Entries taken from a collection
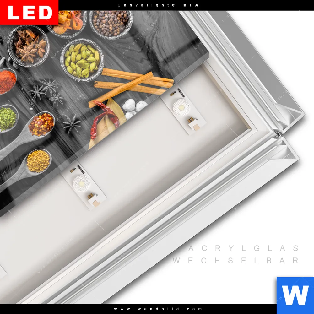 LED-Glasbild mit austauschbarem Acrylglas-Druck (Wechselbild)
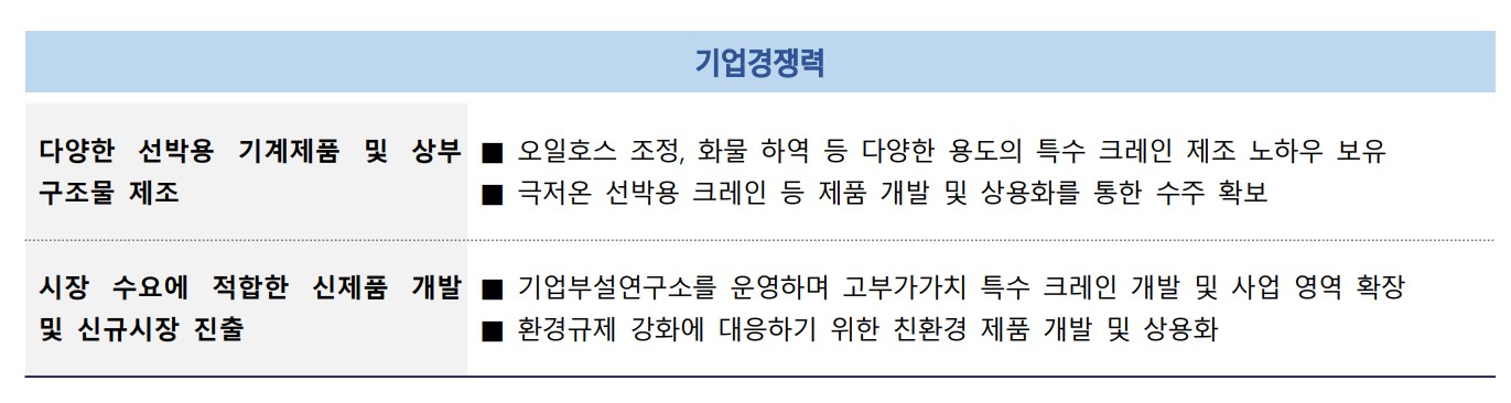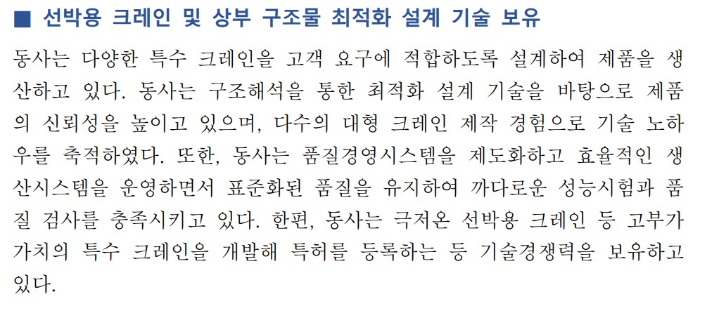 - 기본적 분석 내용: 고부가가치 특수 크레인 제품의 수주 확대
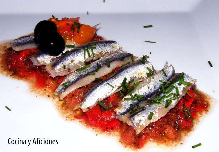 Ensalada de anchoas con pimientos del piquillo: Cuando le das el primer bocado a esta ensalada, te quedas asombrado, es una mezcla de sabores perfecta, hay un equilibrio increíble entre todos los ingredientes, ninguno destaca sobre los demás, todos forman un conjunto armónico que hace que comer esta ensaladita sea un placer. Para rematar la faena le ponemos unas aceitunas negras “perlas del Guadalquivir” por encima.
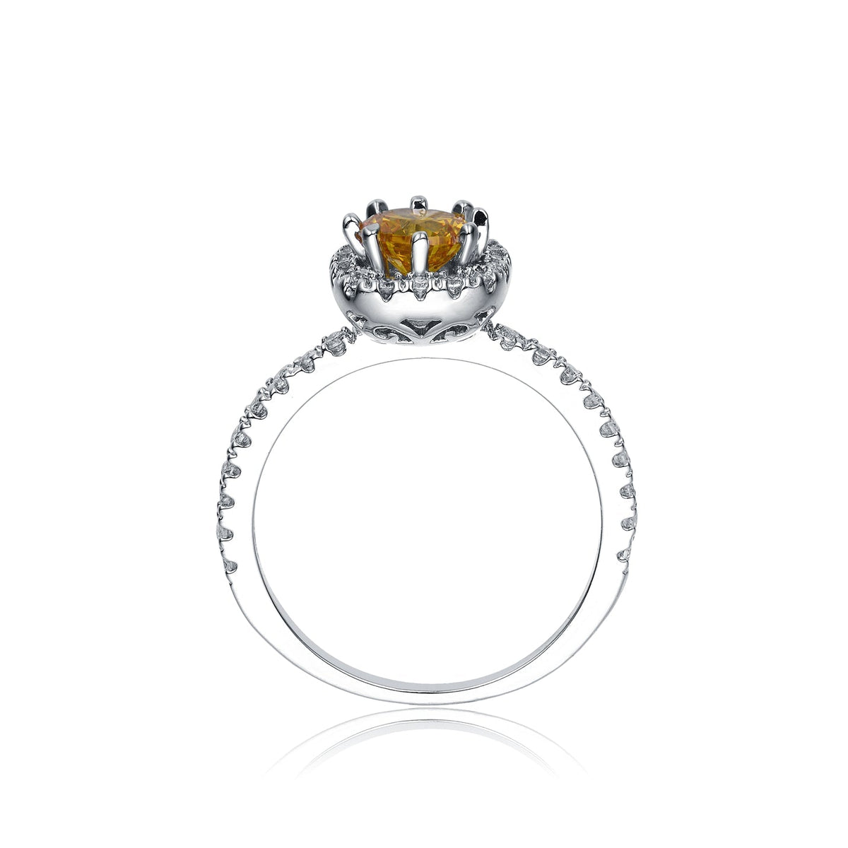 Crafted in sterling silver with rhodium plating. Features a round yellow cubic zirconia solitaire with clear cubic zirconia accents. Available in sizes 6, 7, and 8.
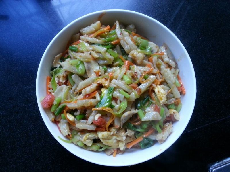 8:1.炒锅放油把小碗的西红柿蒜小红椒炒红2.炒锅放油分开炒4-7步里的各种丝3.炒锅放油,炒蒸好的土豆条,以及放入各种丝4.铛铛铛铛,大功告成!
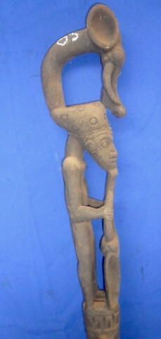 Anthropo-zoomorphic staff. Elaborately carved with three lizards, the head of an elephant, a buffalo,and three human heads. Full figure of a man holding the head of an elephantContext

◆ Task directions: What is needed is an exact copy of the lines above from the one with "- 기본적 분석 내용: 고부가가치 특수 크레인 제품의 수주 확대" to the one with "Ensalada de anchoas", both ends kept, and nothing more; please leave the pictures out.

◆ Result of this exercise:
 - 기본적 분석 내용: 고부가가치 특수 크레인 제품의 수주 확대
 Ensalada de anchoas con pimientos del piquillo: Cuando le das el primer bocado a esta ensalada, te quedas asombrado, es una mezcla de sabores perfecta, hay un equilibrio increíble entre todos los ingredientes, ninguno destaca sobre los demás, todos forman un conjunto armónico que hace que comer esta ensaladita sea un placer. Para rematar la faena le ponemos unas aceitunas negras “perlas del Guadalquivir” por encima.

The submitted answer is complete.